▸ **Task directions**:
The answer must consist solely of the lines below starting at the one containing "Como complemento para" and ending at the one containing "たくさん取れました。 お土産どっさり。 |", repeated exactly, with both ends included and all pictures omitted.
━━ Records provided
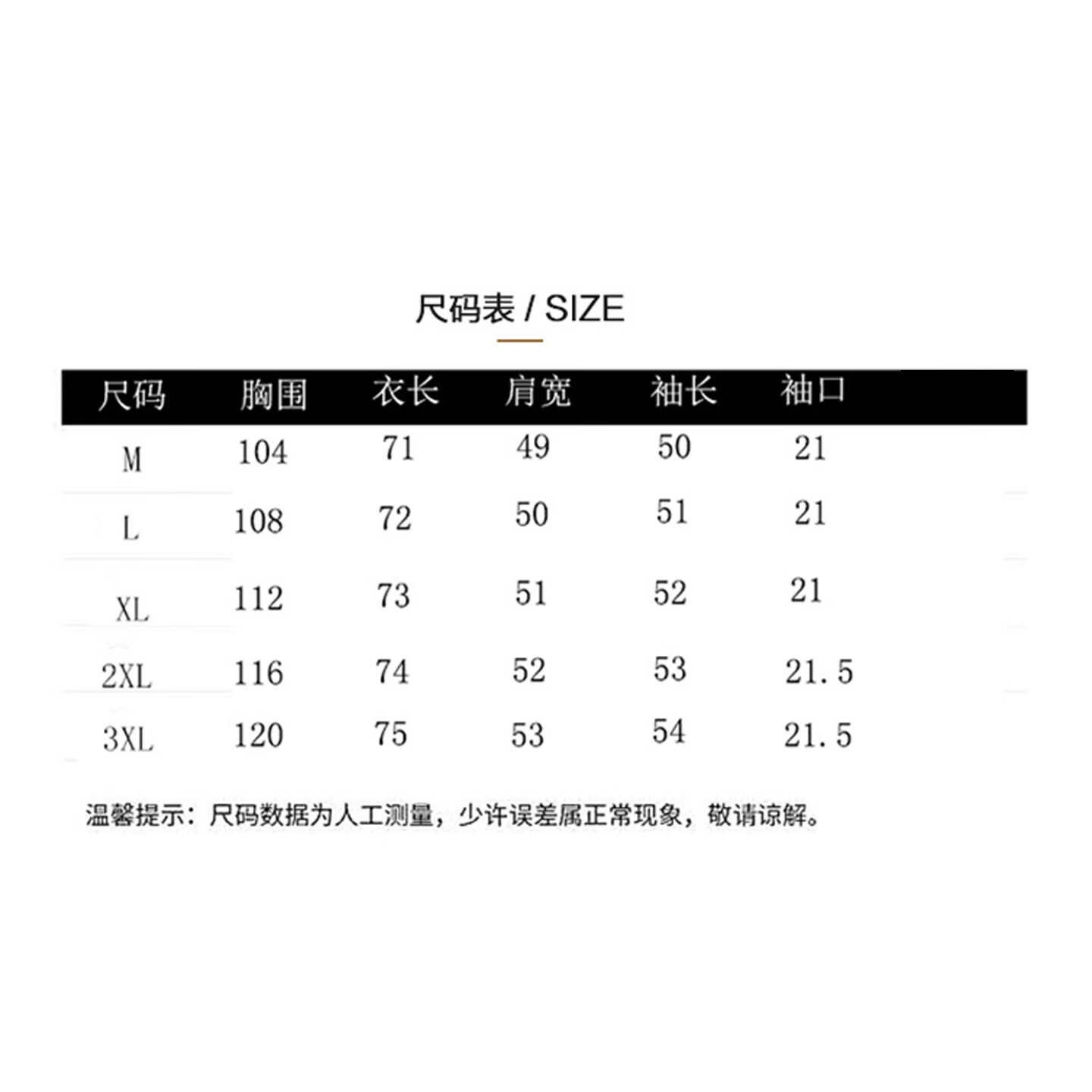 Size (cm) 42 44 46 48 50
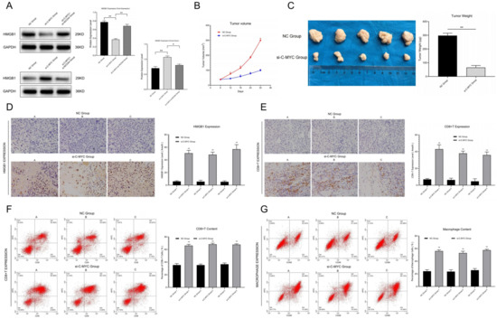 (A) Detection and statistical analysis of HMGB1 content in the supernatant of ovarian cancer cells after transfection. (B) Tumor growth curve in vivo condition. (C) Detection of tumor weight in in vitro condition and data analysis. (D) Relative HMGB1 expression between NC Group and si-C-MYC Group were detected and analyzed by means of immunohistochemistry. (E) Immunohistochemical staining and analysis of immune infiltration between the NC group and the si-C-MYC group (CD8+T). (F,G) Detection of CD8+T/macrophage cells through flow cytometry and statistical analysis (* p < 0.05, ** p < 0.01).
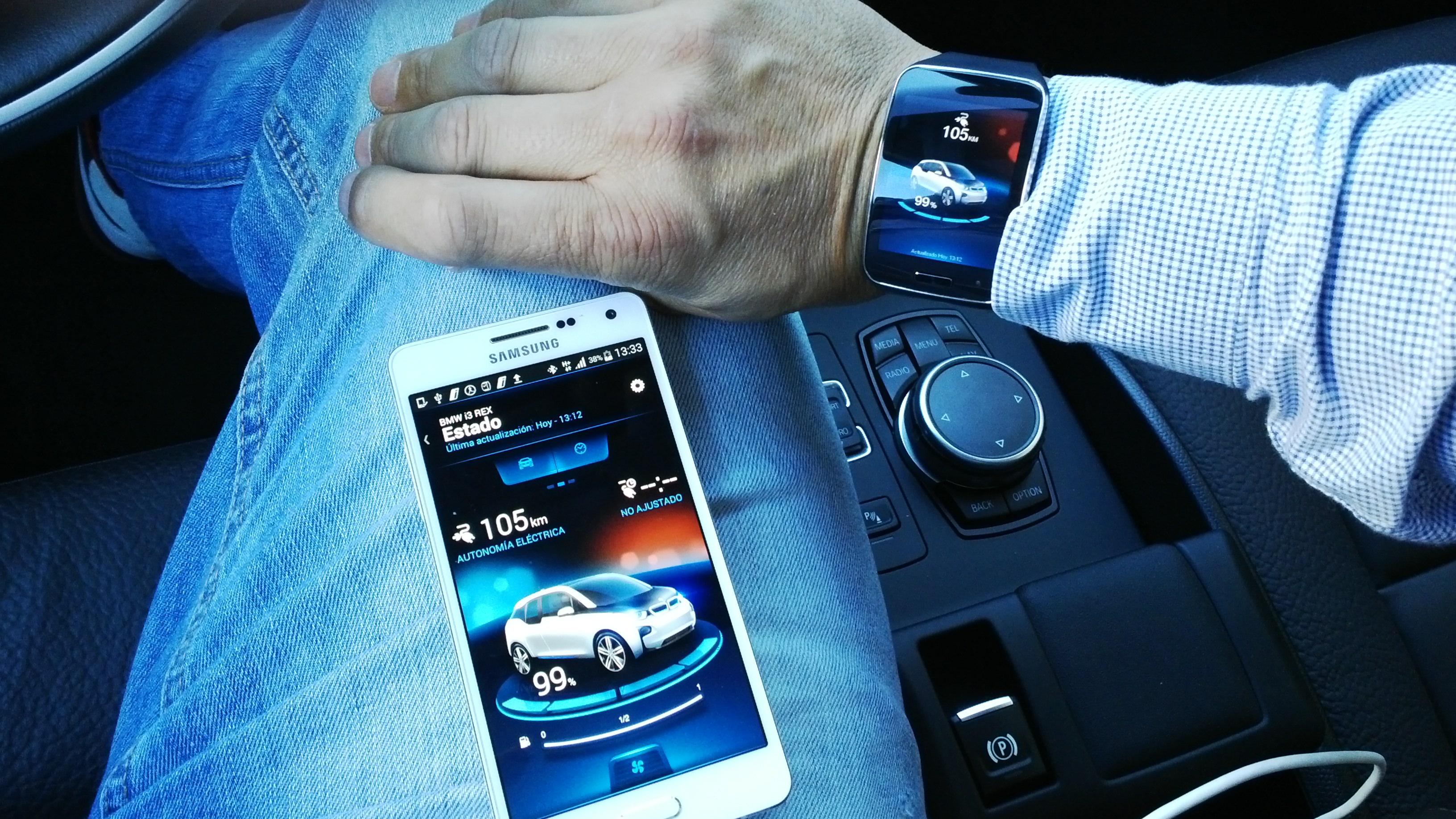 Como complemento para realizar nuestra prueba, el Departamento de Prensa de BMW, puso a nuestra disposición dos gadgets que te permiten literalmente estar conectados con el BMW i3 en todo momento. Uno de ellos es el teléfono Samsung Galaxy S6 Edge y el Reloj Samsung Gear S, que conectados con la aplicación BMW i Remote App para iOS y Android te ofrecen en todo momento información detallada acerca del estado actual de tu BMW i.
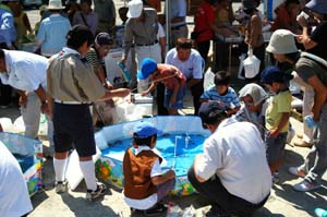 | ここは、ザリガニつりコーナー。 たくさん取れました。 お土産どっさり。 |
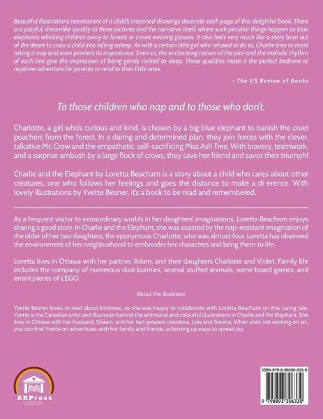Charlotte, a girl who's curious and kind, is chosen by a big blue elephant to banish the cruel poachers from the forest. In a daring and determined plan, they join forces with the clever, talkative Mr. Crow and the empathetic, self-sacrificing Miss Ash Tree. With bravery, teamwork, and a surprise ambush by a large flock of crows, they save her friend and savor their triumph! Charlie and the Elephant by Loretta Beacham is a story about a child who cares about other creatures, one who follows her feelings and goes the distance to make a diference. With lovely illustrations by Yvette Besner, it's a book to be read and remembered.
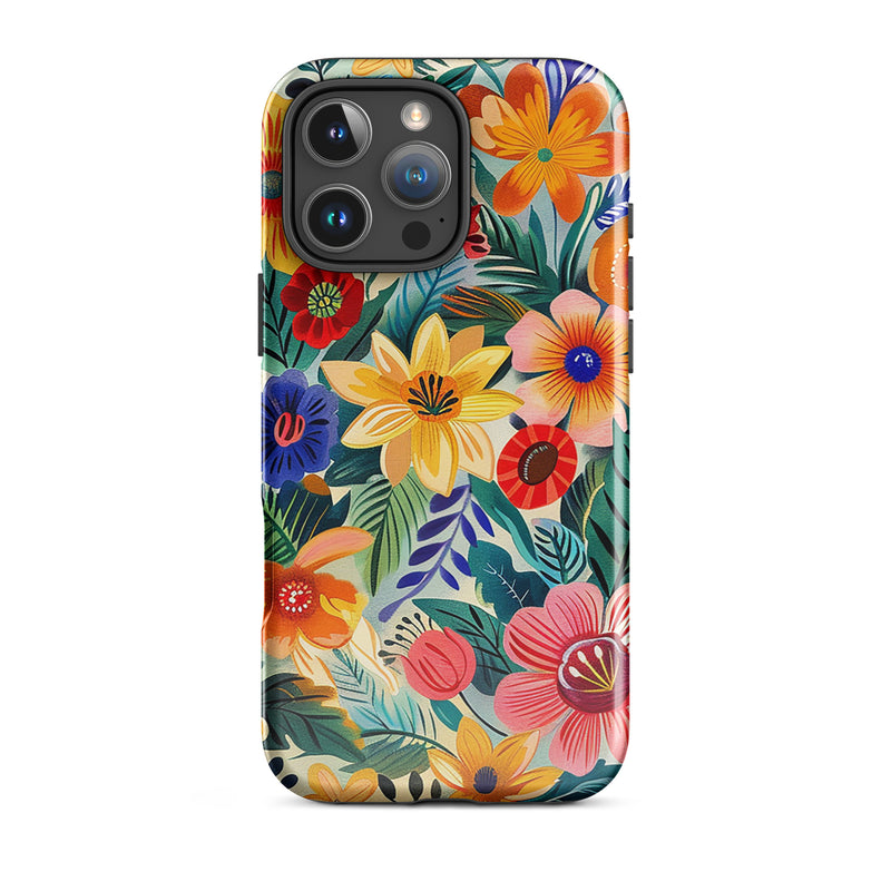 This artwork is a lively tribute to Spanish flora, showcasing a vibrant array of blooms native to the Iberian Peninsula. Rich oranges, deep reds, sunny yellows, and striking blues blend seamlessly with lush green foliage. Stylized brushstrokes and dynamic contrasts capture the warmth and cultural vibrancy of Spain, evoking the charm of a Spanish garden.
━━━━
▸ **Answer space**:
 Como complemento para realizar nuestra prueba, el Departamento de Prensa de BMW, puso a nuestra disposición dos gadgets que te permiten literalmente estar conectados con el BMW i3 en todo momento. Uno de ellos es el teléfono Samsung Galaxy S6 Edge y el Reloj Samsung Gear S, que conectados con la aplicación BMW i Remote App para iOS y Android te ofrecen en todo momento información detallada acerca del estado actual de tu BMW i.
 | ここは、ザリガニつりコーナー。 たくさん取れました。 お土産どっさり。 |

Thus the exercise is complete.